Неожиданно перед моей дверью возник чиновник по приведению в исполнение приказов службы финансов в связи с набежавшей задолженностью по уплате налогов. От меня требовалось выплатить сумму в 19 350 марок за мой дом в Берлине. Но так как у меня не было ничего ценного, то из имущества нечего оказалось и описывать. Чтобы освободиться от тяжести долгов, я бы продала берлинский дом в Далеме, но покупатель не находился. Ему пришлось бы обеспечить жильем девять проживающих там со временем окончания войны нищих семей. Само собой разумеется, продажа никак не осуществлялась.
В этих обстоятельствах меня несказанно обрадовала весть, что после месяцами длившихся переговоров Гельмут Киндлер и шеф-редактор журнала «Ревю» Ганс Леманн заявили о готовности опубликовать опровержение и решить это дело без судебного разбирательства. Прежде «Ревю» все время отказывался от решения вопроса, так как его сотрудники «собирали материал» для третьей клеветнической серии под заголовком «Миллионы Лени Рифеншталь». Публикация очередного пасквиля незамедлительно привела бы к последующим процессам. Но этому помешало недавно вынесенное по моему делу решение Берлинской аттестационной комиссии. Оно было неоспоримо.
Господина Киндлера обязали не публиковать впредь никаких обвинений в мой адрес. В качестве возмещения я получила 10 000 марок, хотя реальный ущерб оценивался мною миллионами, а моральный — и вовсе нельзя было компенсировать.
В моем положении и такой вариант все же значил многое — наконец-то мы с Гельмутом Киндлером зарыли топор войны.
Волнующие дни в Вене
Тревожные вести пришли из Вены. Я недолго радовалась, что мой киноматериал уже не в руках французов. Теперь начался правовой спор между Тирольским земельным правительством и официальными ведомствами в австрийской столице о моем киноимуществе. Мне сообщили, что доверенное лицо от Тироля господин Вюртеле, занимавшийся ранее судьбой моих киноматериалов, смещен и заменен двумя другими. Что прикажете делать? Просить совета у министра Камитца? Но в Австрии началась предвыборная кампания, следовало переждать. Друг моего бывшего мужа, благодаря своей должности в Министерстве финансов обладавший информацией о внутренних делах в этом ведомстве, информировал меня о нешуточной борьбе за власть, разгоревшейся там среди отдельных групп. Это вылилось в намерение едва заступивших на новые посты чиновников в Австрии совместно с французами завершить работу над фильмом «Долина» без меня.

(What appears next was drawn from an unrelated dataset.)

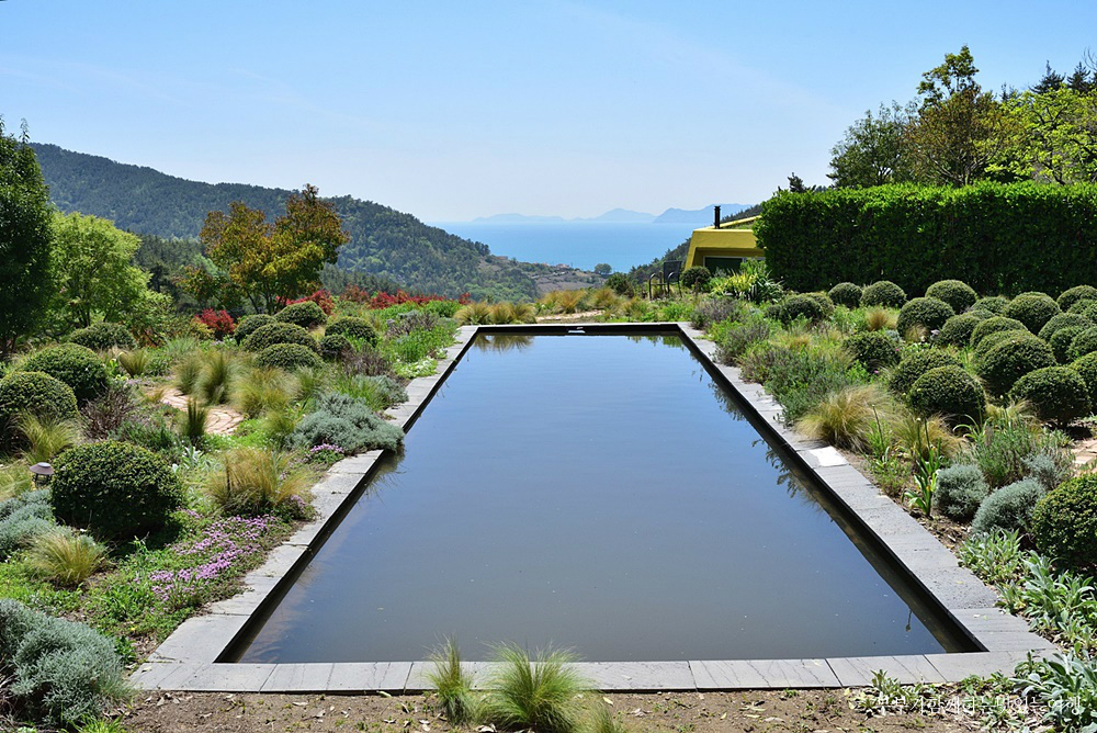 남해 가볼만한곳 베스트10 열 번째, 섬이정원은 경상남도 민간정원 제1호로 등록된 정원으로 차명호 대표가 2007년부터 다랑논을 가꿔 공원으로 조성했하여 남해 가볼만한곳 베스트 10으로 정말 인기 많은 곳입니다. 고동산을 병풍처럼 두르고 한려해상국립공원의 아름다운 바다가 내려다보이는 공원 같은 정원이라서 힐링 가득한 공간입니다.

Вот почему французские чиновники всячески добивались ухода Вюртеле! Этому человеку удалось добраться до перечня всей моей арестованной собственности, составленного французской полицией, а главное — до расписки, в которой указано, когда, где и кому оказалось передано все имущество в 1946 году в Париже. Таким образом, теперь можно было с легкостью выяснить, что исчезло или украдено. Французская сторона теперь не без оснований опасалась притязаний на возмещение убытков со стороны австрийских доверенных лиц. Но сместить в Вене Вюртеле оказалось не так просто: этому воспрепятствовало Тирольское земельное правительство, в свою очередь подавшее иск на обладание моей собственностью, поскольку ее когда-то арестовали именно в Тироле. Так я вновь очутилась между жерновами двух властных группировок.
Исход выборов оказался успешным для действующего правительства Австрийской Народной партии (АНП)[417]— Камитц остался министром. Уже спустя два дня после прибытия в австрийскую столицу мне удалось с ним переговорить. Беседа прошла успешно, к тому времени результаты проверки свидетельств и копии из торговой регистрации подтвердили, что я являлась единственной владелицей кинофирмы, на которой снимались все мои картины. Тем самым французам был окончательно прегражден путь для манипуляций с моими фильмами.
Наступило великое мгновение, когда мне наконец разрешили вновь, спустя восемь лет, увидеть свой киноматериал. Я несказанно взволновалась, когда руки коснулись пленки. Вскоре выяснилось, что без моей помощи доверенные лица не смогут разобраться с бесчисленными коробками с фильмами. Речь шла не только о киноматериале «Долины», но и об оригиналах, а также лавандовых копиях олимпийских и горных лент.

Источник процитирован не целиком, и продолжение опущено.